若いころより学問にはげみ、17歳で肥塚の東有隣から経史を学び、18歳の頃江戸に出て、当時名声のあった書家の関思恭に入門し、書道を研鑽しました。
性質謙譲、博識で書道に秀で、寛政九年、弟子の勧めにより東京浅草の浅草寺に「仏身円満無背相」「十方来人皆対面」なる般若讃の中の語句を書いた両聯を奉納し、世の書家から「寛政の三名筆」としてたたえられました。現在も浅草寺外陣に掲げられています。

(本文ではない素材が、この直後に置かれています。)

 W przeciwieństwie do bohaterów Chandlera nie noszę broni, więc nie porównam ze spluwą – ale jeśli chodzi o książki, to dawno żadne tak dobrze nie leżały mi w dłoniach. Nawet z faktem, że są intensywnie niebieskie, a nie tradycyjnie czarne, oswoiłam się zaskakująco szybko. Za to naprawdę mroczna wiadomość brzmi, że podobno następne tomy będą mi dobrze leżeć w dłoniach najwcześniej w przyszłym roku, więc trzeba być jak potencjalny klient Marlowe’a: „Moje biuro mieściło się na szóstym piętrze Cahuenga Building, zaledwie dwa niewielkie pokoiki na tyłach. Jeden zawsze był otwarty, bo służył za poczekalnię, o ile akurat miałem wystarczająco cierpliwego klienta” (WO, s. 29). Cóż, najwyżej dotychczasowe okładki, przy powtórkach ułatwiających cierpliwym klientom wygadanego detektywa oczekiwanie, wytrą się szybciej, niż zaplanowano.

また、俳諧・書道に後進の育成に当たり、宿役人であった竹井新右衛門、石川清左衛門、石川藤四郎らも雪江の教えを受けました。
そして、江戸後期の熊谷宿の有識者として、俳諧の師建部涼袋や儒医の三浦無窮をはじめ、多くの文人墨客たちと交わり、幅広い文化活動を推進しました。

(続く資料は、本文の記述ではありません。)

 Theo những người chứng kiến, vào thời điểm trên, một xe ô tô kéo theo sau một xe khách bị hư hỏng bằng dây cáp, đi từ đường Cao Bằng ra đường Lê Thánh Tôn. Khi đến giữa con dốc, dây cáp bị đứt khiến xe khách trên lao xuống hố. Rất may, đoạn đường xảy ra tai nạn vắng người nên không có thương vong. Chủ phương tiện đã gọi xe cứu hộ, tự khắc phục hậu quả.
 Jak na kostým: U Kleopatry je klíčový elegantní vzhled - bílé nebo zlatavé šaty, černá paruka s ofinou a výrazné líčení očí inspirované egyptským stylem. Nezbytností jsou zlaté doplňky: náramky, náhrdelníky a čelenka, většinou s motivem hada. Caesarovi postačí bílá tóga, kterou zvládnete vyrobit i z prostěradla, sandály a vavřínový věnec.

当時歌われていた劇歌に「横町にすぎたるものが三つある、雪江、石橋、桝屋藤七」がある。
寛政11年7月9日に、68歳で逝去しています。
 
〇「林間に 酒の寒さや 若楓」
宝暦7年『俳諧川柳』:『建部綾足全集』第一巻:建部綾足著作刊行会:昭和61年
〇「鶯の 息あたためる 日のさして」 雪叩
       「首途の酒を 遥々と酔」 桃路
〇「本服は 涼しい月に こちらむき」 雪叩
     「涼しい義理も 廓では有ル」 笑牛
宝暦8年『俳諧田家の春』:『建部綾足全集』第一巻:建部綾足著作刊行会:昭和61年
〇「京を見て 紺屋の助言 おかしがり」 雪叩
     「汚す扇に 名哥覚へる」 執筆
宝暦9年『春興帖』:『建部綾足全集』第一巻:建部綾足著作刊行会:昭和61年
〇「水鳥の 青きを踏て 柳哉」  蘆帆
     「霞は横に うごく遠山」 雪叩
〇「唇を うごかすい花に 使はるる」 笑牛
      「交はる蝶に 蜂の和らぎ」 雪叩
宝暦10年『俳諧 絵の山陰』:『建部綾足全集』第二巻:建部綾足著作刊行会:昭和61年
〇「涼しさを 簾のうちへ 汲ンで行 土用に干せば 己も大勢」
〇「先陣は 袖をかざして 寺子供 殿さまを見る 穴をほしがる」
〇「泉水が 出来て俯く 月に成リ 入院も 娵るやうな 尼御所」
〇「金屏を 昼寝が肥て うるさがり 什物なれど 若衆新らし」
〇「此次は 東海道と 出直さん 峯から見れば 寸馬豆人」
宝暦10年『俳諧連理香』:『建部綾足全集』第二巻:建部綾足著作刊行会:昭和61年
〇「林菁入も 髪ねぢて居る 寒さ哉」
宝暦13年『俳諧 香爐峯』:『建部綾足全集』第二巻:建部綾足著作刊行会:昭和61年
〇「折たがる 人へも来たり 花の春」
〇「鞘あての 出船におほき しぐれ哉」
〇「春(コメ)米夫(ツキ)の 輪回を逃て 十夜哉」
〇「水仙や 靉靆(メガネ)で見ても 発(サイ)たもの」
〇「さはるもの 皆狗骨也 としのくれ」
宝暦13年『古今俳諧明題集』:『建部綾足全集』第二巻:建部綾足著作刊行会:昭和61年
〇「異見者も 窓は叱らず うめのはな」
宝暦14年『片歌あさふすま』:『建部綾足全集』第三巻:建部綾足著作刊行会:昭和61年
〇「我宿を 梅ゆ問来て 喚起鳥鳴けり」
明和2年『春興 かすみをとこ』:『建部綾足全集』第三巻:建部綾足著作刊行会:昭和61年
〇「日にちたび 行逢ひながら 猫のこひ」
明和3年『春興帖』:『建部綾足全集』第三巻:建部綾足著作刊行会:昭和61年
これらの句は、涼袋系俳書『建部綾足全集』に掲載されており、熊谷図書館に所蔵されていますので、興味のある方はご覧ください。